The pattern across all five: a good lender is specific and a bad one is vague. If you cannot get a straight answer on custody, liquidation, and fees before you deposit, you have your answer.
Is the interest tax-deductible, and is borrowing taxable?
Start with the headline, then the caveat. In many places, taking a crypto-backed loan is generally not a taxable event, because you are borrowing against an asset you still own rather than selling it. Selling crypto at a profit can trigger capital gains tax; borrowing against it usually does not. That is the tax appeal of the product.
The word that matters is defer, not erase. You still own the collateral and you still hold the unrealized gain. The tax bill on that gain has not gone away; it waits until you eventually sell. A loan can push that moment further out, but it does not delete the liability. And if your collateral gets liquidated, the forced sale can itself be a taxable disposal, which means a liquidation can hand you a loss and a tax event at the same time.

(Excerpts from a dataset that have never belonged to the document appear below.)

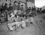 Four Men of Company A, One Hundred and Forty-second Infantry, Brownwood, are pictured here. They are from left to right, Privates (Pvts.) B. W. Wallis and J. B. Adams, Private First Class Al Carter and Corporal (Corp.) John J. Mahoney. The four soldiers are kneeling with their guns raised, waiting for the order to fire. Directing the firing practice is Sergeant (Sergt.) William H. Pruitt, standing directly behind them. A number of other soldiers are standing behind them, everyone is wearing uniforms and hats. Published in the Fort Worth Star-Telegram morning edition, December 6, 1940.
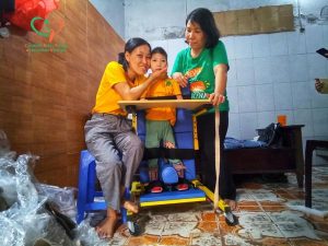 Với mong muốn được chia sẻ cùng gia đình, hỗ trợ các con tập luyện, CPFAV phối hợp với Quỹ Bảo trợ trẻ em bại não GoGreen4CP trao tặng khung tập đứng thẳng loại thấp có ụ ngồi – dụng cụ thứ 359 của chương trình cho Khánh Linh và Ngọc Linh. Hi vọng dụng cụ mới sẽ giúp các con đứng dậy để gần hơn với mục tiêu cải thiện sức khoẻ, hòa nhập cộng đồng.
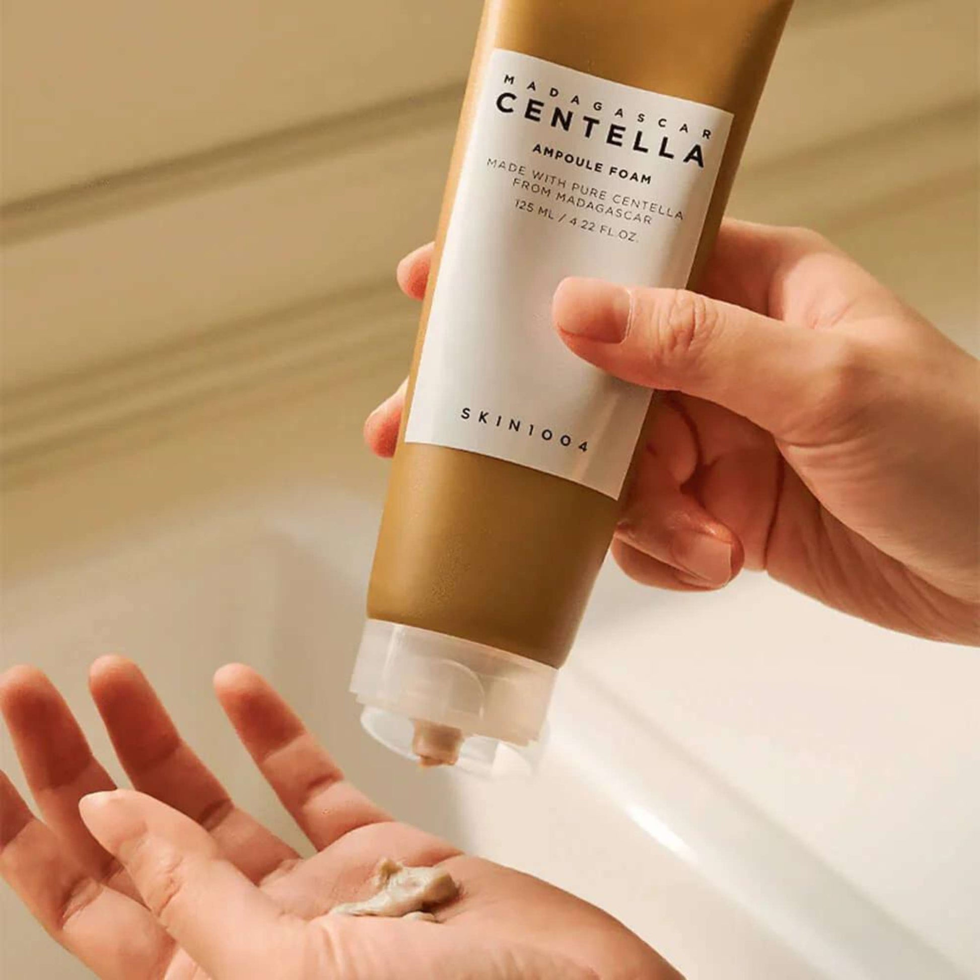 La Madagascar Centella Ampoule Foam de Skin1004 es una espuma limpiadora ideal para quienes buscan una limpieza efectiva pero suave. Formulada con un 33 % de centella asiática pura de Madagascar, este limpiador calma instantáneamente la piel irritada mientras elimina impurezas, residuos de maquillaje y exceso de sebo sin alterar la barrera protectora.
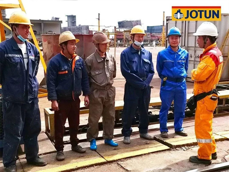 因船型巨大,佐敦為該系列船型派駐了多支由高級(jí)技術(shù)服務(wù)領(lǐng)頭的檢驗(yàn)小組,HPS防污漆統(tǒng)噴時(shí),有多達(dá)6名佐敦涂裝顧問(wèn)在現(xiàn)場(chǎng)提供技術(shù)服務(wù)。
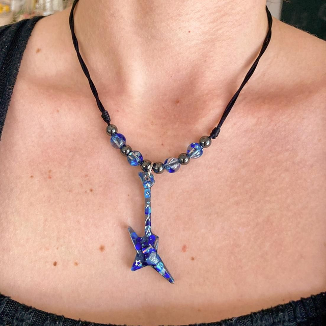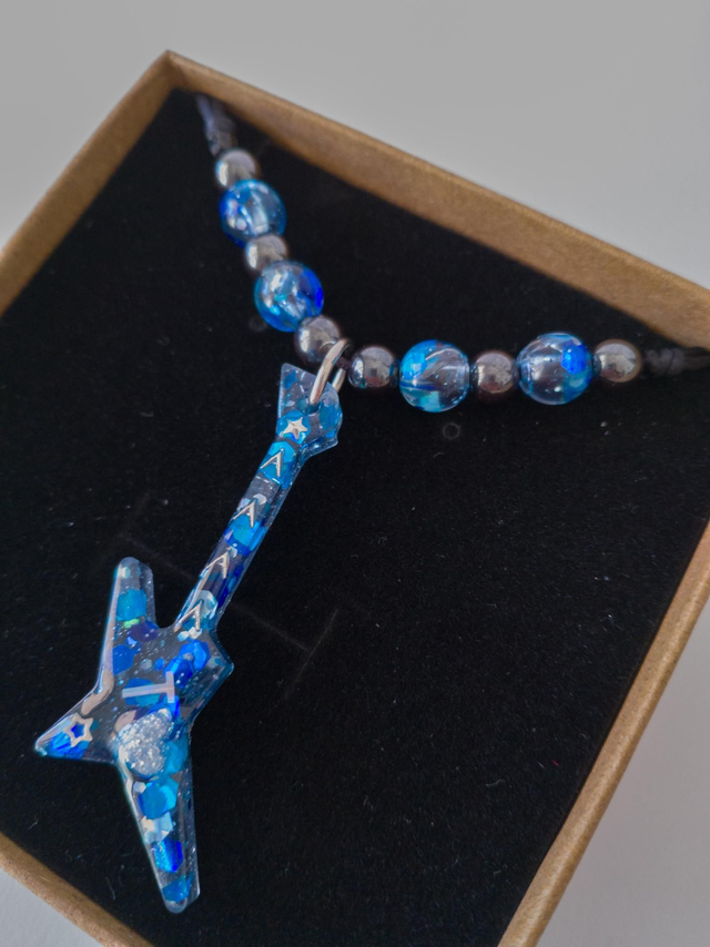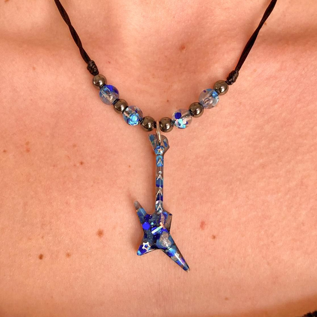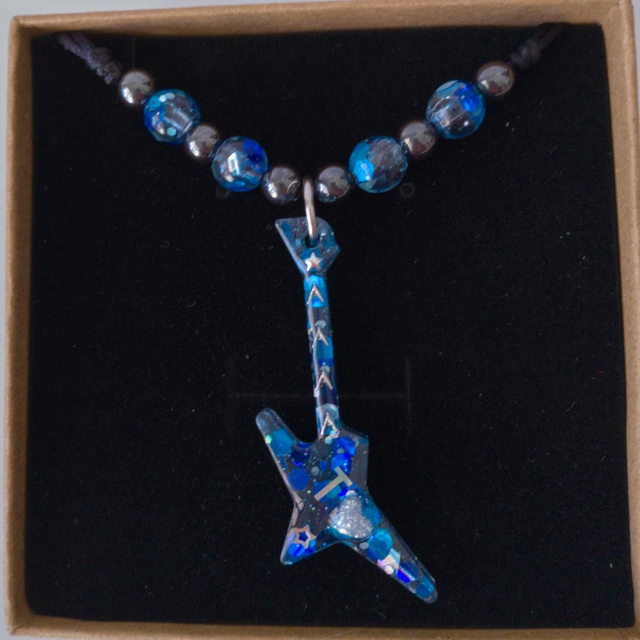 Su colgante de guitarra eléctrica, con destellos que recuerdan al mar y al cielo, convierte cada pieza en algo único.
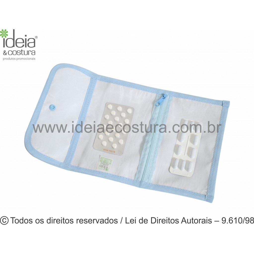 Porta Medicamento De Nylon Medida Aberta: Largura 17cm X Altura 30cm Medida Fechada, Largura 17cm X 12cm Altura - Compartimentos Com Zíper, Fechamento Com Botão De Pressão, Acabamento Com Viés, Forro Em Microfibra O Que Permite A Impressão Ou Sublimação De Imagens Na Parte Interna. Pedido mínimo 100 peças.
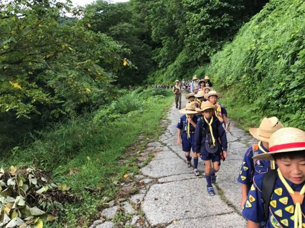 キャンプ2日目の朝、大雨の中でリーダーの点検を受けて朝礼の様子です。
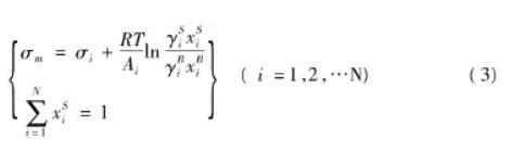 大多數(shù)關(guān)于液體混合物表面張力的描述都是建立在將液體表面層看作是一個(gè)氣液相之間的獨(dú)立的體系的假設(shè)之上的,基于這一假設(shè),結(jié)合經(jīng)典熱力學(xué)理論,可導(dǎo)出關(guān)于液體混合物表面張力的計(jì)算公式Bulter首先于1932年從熱力學(xué)理論出發(fā),導(dǎo)出液體混合物表面張力的理論公式:
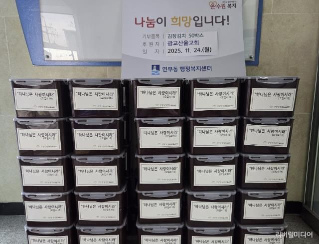 광교산울교회는 매년 꾸준한 나눔 활동을 이어오며 지역사회 돌봄에 앞장서고 있으며, 이번에 기부받은 김장김치는 관내 독거노인, 저소득 가구 등 취약계층에게 순차적으로 배부할 예정이다.

Whether the interest you pay is deductible depends entirely on your jurisdiction and how you used the borrowed money; in some cases interest on a loan used for investment or business may be deductible, in others it is not. Rules vary by country and change over time.
This is general information, not tax advice. Crypto tax treatment differs by jurisdiction and by your personal circumstances, and it shifts as regulators update their guidance. Before you act on any of this, talk to a qualified tax professional who knows your situation.
Who is this for?
A crypto-backed loan suits a specific kind of borrower: someone with crypto they intend to hold long term, who needs liquidity for a defined period, who understands the liquidation mechanic, and who borrows at a low LTV with extra collateral on hand to top up. If you fit that profile, treat the loan, watch the LTV like a hawk, and have a plan for a 40% drawdown, it can be a genuine tool. The Bitcoin-backed mortgage is this same logic at the institutional end: a long-term holder who would rather pledge than sell.
It is the wrong move for most people in most situations. If you would be ruined by losing the collateral, do not post it. If you cannot watch the position and top it up during a crash, do not take a loan that can liquidate you while you sleep. If you are borrowing because you are stretched and out of options, a loan secured by an asset that can fall 30% in a day will make a bad situation worse, fast. And if you do not understand exactly what triggers liquidation and where your collateral physically sits, you are not ready to borrow yet. Learn the mechanism first; the loan will still be there.
The product is leverage on a volatile asset, dressed up as a loan: neither a scam nor a free lunch. Used by a disciplined holder at a conservative LTV, it does a real job. Used to stretch a thin position, it is the fastest way to turn a price dip into a permanent loss.